I completed my Ph.D. studies in June 2006, and worked half a year as a post doctor at the former Department of Computer Science at Karlstad University. During that time, I continued my research from my Ph.D. studies on telephone signaling over IP and SCTP together with Ericsson Research in Aachen. I was also involved in a cooperative research effort on using SCTP in mobile networks together with Universitat Politècnica de Catalunya (UPC) in Barcelona. In January 2007, my post doctoral position at Karlstad University ended, and I resumed my position as consultant at Tieto in Karlstad. My work at Tieto was in many ways aligned with my research, and covered a broad range of activities including pre-studies, system design, and implementation. For example, I was involved in the implementation of an alarm function in Ericsson’s Connectivity Packet Platform (CPP), and conducted a pre-study together with colleagues from Tieto’s Beijing office on how to build an SCTP traffic offload engine for SCTP in CPP. Moreover, I continued to have a foot in research. As an adjunct researcher, I was actively participating in an on-going research effort between Tieto and Karlstad University. I took part in more or less all research project phases including planning, grant seeking, and execution.

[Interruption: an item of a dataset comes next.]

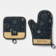 Midnight Blue Gold Star Constellation Pattern Oven Mitt & Pot Holder Set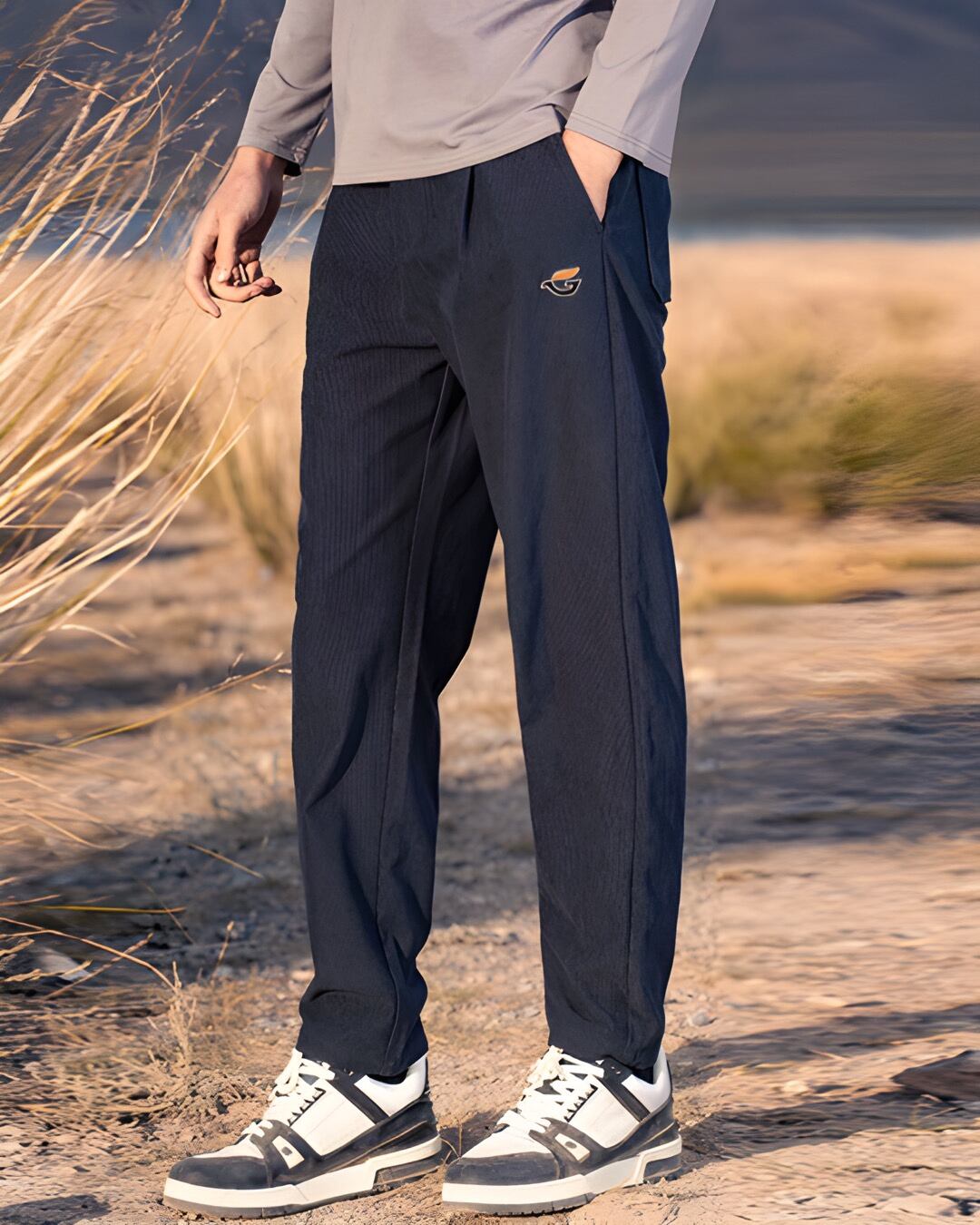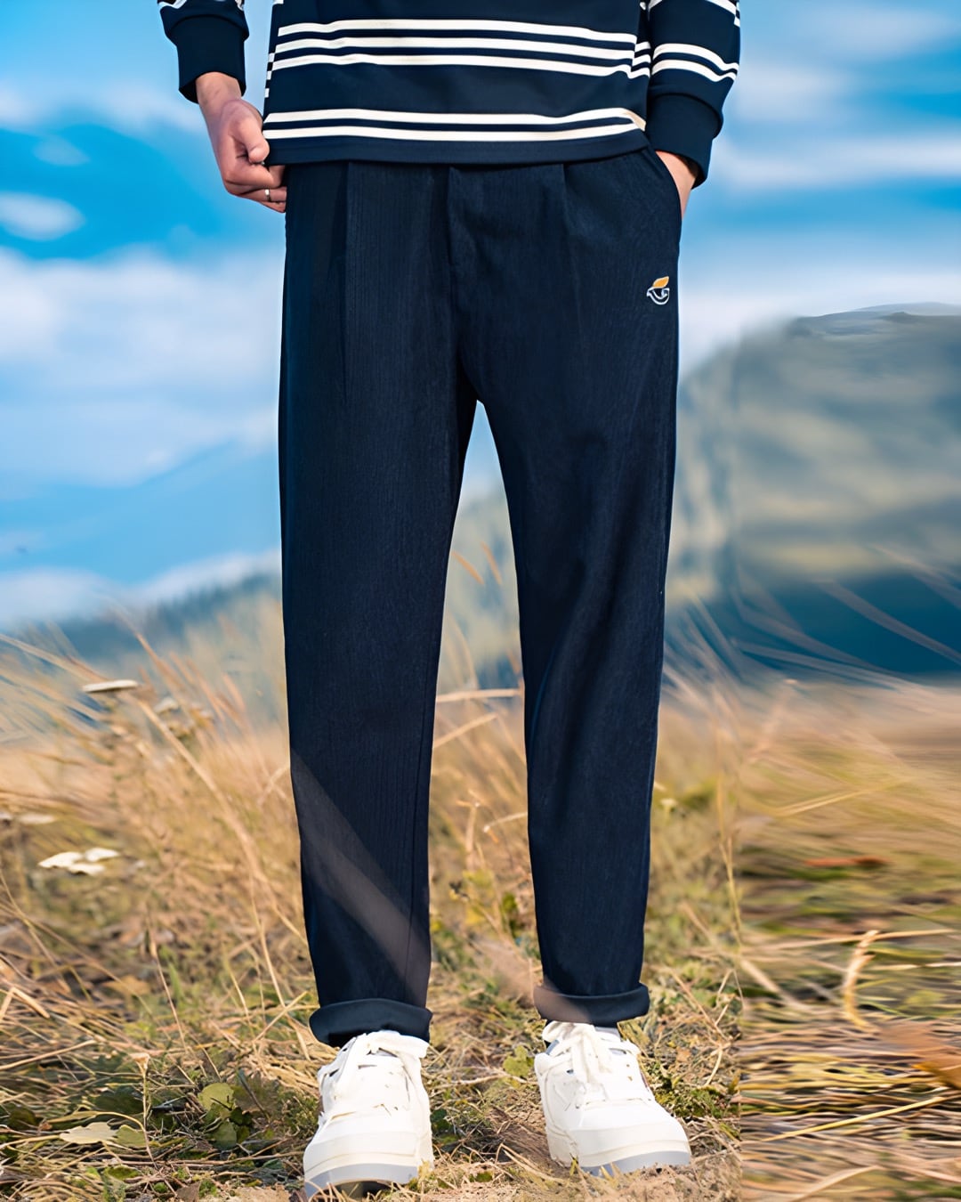 秋の気配を感じるコーデュロイ素材のイージーパンツ。

Between the fall of 2009 and the fall of 2010, I was on leave from Tieto in Karlstad and worked as an acting associate professor at the School of Information and Communication Technology at the KTH Royal Institute of Technology. As an associate professor, I initiated a research project, ”Smart Session Management for Multi-homed SCTP” (SCTP Smartswitch), together with Karlstad University and Ericsson Research in Kista. The “SCTP Smartswitch” project aimed at extending the failover/changeover mechanism of SCTP with smart session management so that it would be able to manage everything from real-time applications, such as interactive games, which require fast failovers/changeovers, to roaming mobile terminals which sometimes experience long disconnection periods, i.e., long failover/changeover periods. In the fall of 2010, I acquired a four-year, tenure-track position at Karlstad University, and during the first two years as associate senior lecturer at their computer science department, the ”SCTP SmartSwitch” project was a major part of my research work. Notably, it resulted in about ten publications, an SCTP-based mobility management framework for smartphones and tablets that offered sub-second vertical handover between 3G and WiFi networks, and a generic SCTP-based session layer for mobility support in mobile delay-tolerant networks.

I became a Senior Lecturer at Karlstad University in the Fall of 2014. In recent years, my research has to a large degree focused on the use of multi-path transport protocols such as Multipath TCP and CMT-SCTP to increase reliability and throughput and decrease latency in IP networks. I have authored and co-authored around forty conference and journal papers, and is a Senior member of IEEE.